Assault On The Citadel: Recent Hopeful Developments In Coast Guard Handling Of Medical Waivers Requests
We have been receiving word that the Coast Guard’s National Maritime Center (NMC) is trying to be more lenient (some might even say reasonable) in their reviewing of mariners’ medical records, and in their processing of medical waiver requests. For those readers who may not have been closely involved with this area of license defense work, a brief review of the background of this issue may be helpful.
As a direct result of the October 15, 2003 Staten Island Ferry collision in New York, the Coast Guard (following severe criticism of it) undertook a major overhaul of its medical review procedures, which resulted in the publication on September 15, 2008 of NVIC 04-08. This document, which is for guidance only and does not have the force of regulation, set forth new medical certification standards, and detailed hundreds of specific medical conditions “subject to further review”, and the recommended evaluation data for such further review. This comprehensive new regimen has been seen by many in the industry as a draconian over-reaction, but NVIC 04-08 is here to stay.
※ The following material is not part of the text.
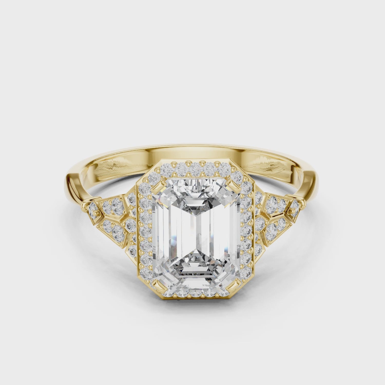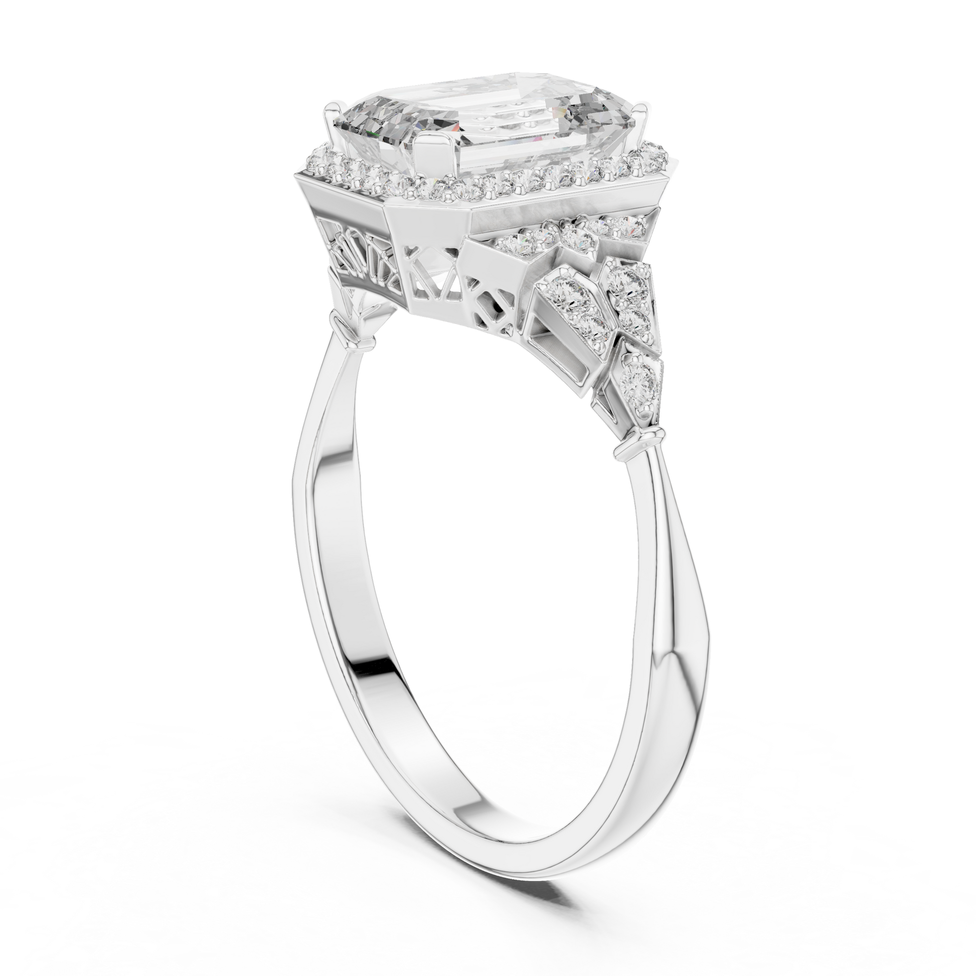 This vintage-inspired ring features an emerald-cut moissanite, supported by intricate, geometric pavé shield shoulders. The elaborate metalwork balances antique grandeur with refined, modern execution.

In company with the introduction of the new procedures, the Coast Guard slowly shifted the initial stage of medical review away from the numerous Regional Exam Centers in ports around the country, and centralized the procedure in the hands of a medical staff at their “Center of Expertise” at NMC in Martinsburg, West Virginia. NMC also now has a full-time civilian attorney who travels around the country and handles most (but not yet all) of the ALJ hearings on behalf of the Coast Guard, replacing the well-remembered roles non-lawyer Coast Guard prosecutors, who were not infrequently given a little bit of “friendly assistance” at their hearings by sympathetic ALJs.
With this new written and procedural system now in place, we have begun to see in the past several years many more denials of mariner medical waivers, based on the much stricter medical conditions “subject to further review” found in NVIC 04-08. Many of these decisions have been harsh, and sometimes seemingly arbitrary. The best example of such treatment is probably NMC’s blanket denial of a medical waiver for any mariner with an Implantable Cardioverter Defibrillator (ICD), a device similar to a pacemaker, often prescribed for patients with heart arrhythmia, or following an actual heart attack. Over the past year or two, we have received from the industry many reports of similarly arbitrary treatment for other medical conditions, such as, for example, sleep apnea.
Now comes word from Jim Brown, our MOPS network attorney and colleague in Houston, of a significant victory for a Houston pilot in a medical waiver denial appeal. Jim reports that NMC denied the original waiver request, and that the denial was, not unexpectedly, upheld upon application for reconsideration. The denial was then appealed to the Commandant, as set forth for a “Part 10” appeal, under 46 CFR sec. 10.237 (applying to administrative appeals of medical waiver denials). Uncharacteristically, the Commandant came back with a very brief letter, overturning the denial below and granting the waiver. We wish that we could provide more insight into the reasons for this victory, but they are not apparent in the letter. Nonetheless, the news for mariners is still good.
From another source we have also just learned of a possible crack in the armor of arbitrariness relating, not to the use of an ICD itself, but to the underlying medical condition. This news comes directly from a mariner who had not had a heart attack, but has had a history of cardiomyopathy (heart disease, consisting of weak, irregular or damaged heart chambers) and the most damaging symptom of that disease, a low left ventricular ejection fracture (measure of pumping strength of that heart chamber) of 25%. Normal LVEF is considered to be around 55%, and the Coast Guard’s “cut off” for cardiomyopathy has been considered to be, until now at least, 40%. Here again, there was an initial waiver denial, but upon reconsideration, NMC reversed itself and granted the waiver, apparently because of strong showings by the mariner on a subsequent stress test. This decision is particularly significant because previously the Coast Guard had placed determinative reliance upon its LVEF “cut off” of 40%. Previously, a mariner with an LVEF of less than that 40% “cut off” had very little chance of being granted a waiver, especially if the LVEF was as low as 25%.
These two decisions of course must be seen as representing, if anything, only the most modest beginning of change. But we have also been told privately by the NMC attorney who travels around the country to represent the Coast Guard at their ALJ hearings, that NMC is attempting to be more flexible in their handling of medical waiver requests, particularly when the issue is a “close” one; and perhaps this, in company with the two discussed decisions, will herald for mariners the promise of fairer and more individualized treatment of medical reviews at the hands of the NMC.